Ich brauch das, weil bei mir der Treiber beim Runterfahren manchmal eine Fehlermeldung hinterlässt (Die übliche Speicherverletzung) und der PC dadurch nicht weiter runterfährt.


----------



## Neurodeamon (26. Februar 2003)

NET START "service name"
NET STOP "service name"

IMHO:
NET START "c:\program files\bla.exe"
NET STOP "c:\program files\bla.exe"

RTFM


----------



## Carndret (26. Februar 2003)

Was heißt hier RTFM?
Wo kann man das bitte nachlesen???

Ansonsten Danke


----------



## Neurodeamon (26. Februar 2003)

Ein guter Anfang wäre mal F1  

Ja, ich weiß. Manchmal weiß man nicht mit welchen Worten man suchen muss. Bin ja einsichtig *g* .


----------



## Carndret (27. Februar 2003)

Sog bloß du hast schon mal in irgendeiner Windowshilfe nachgeschaut. Ich bin da immer gleich sehr skeptisch  . Bei "normalen" Programmen ist das was anderes...
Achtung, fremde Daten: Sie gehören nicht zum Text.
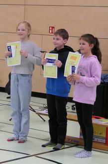 und mit ihren Lehrerinnen die besten Vorleser ausgewählt. Nach einem aufregenden Vormittag für diese Teilnehmer konnte die Jury folgende Platzierungen ermitteln: 1. Platz für Arne Kl.4a, 2. Platz für Sarah Kl.3a und 3. Platz für Valentina Kl.4b. Diese Leser erhielten neben ihrer Siegerurkunde einen Büchergutschein. Eine Urkunde und einen Buchpreis gingen an alle weiteren erfolgreichen Teilnehmer: Melanie und Lenny Kl.2a, Sophia und Lotta Kl.2b, Amalia und Mira Kl.2c, Lena Kl.3a, Conrad und Sebastian Kl.3b, Jenny Kl.4a und Sylvia Kl.4b. Wir danken allen Mitwirkenden, die zum Gelingen dieser Schultradition beigetragen haben und freuen uns schon auf die nächsten Buchvorstellungen im kommenden Jahr.

BTW: Es geht nur mit NET START "[DIENSTNAME]"
bzw. C:\WINDOWS\system32\net.exe START "[DIENSTNAME]"


----------



## Neurodeamon (27. Februar 2003)

Das habe ich befürchtet das es nur mit dem Dienstnamen geht. Wenn Du nur "NET STOP" eingibst (während besagter Dienst noch läuft) kannst Du den Namen dazu herausfinden, wenn ich mich nicht täusche.

Egal, auf jedenfall hat NET auch eine Kommandozeilen-Hilfe  da kannst ja mal nachschauen, falls Du es nicht schon zum laufen bekommen hast


----------



## dfd1 (28. Februar 2003)

> _Original geschrieben von Carndret _
> *Was heißt hier RTFM?
> *


:RTFM: oder: Read the fucking manual

Na, mehr Erklärung braucht es da wohl nicht


----------



## Carndret (28. Februar 2003)

@Neurodeamon: habs bereits zum laufen bekommen; eben mit NET START "[DIENSTNAME]".

@dfd1: Was RTFM als Abkürzung heißt weiß ich schon, aber ich fand es hier nur unangebracht ... aber Neurodeamon war ja einsichtig (Danke  )


----------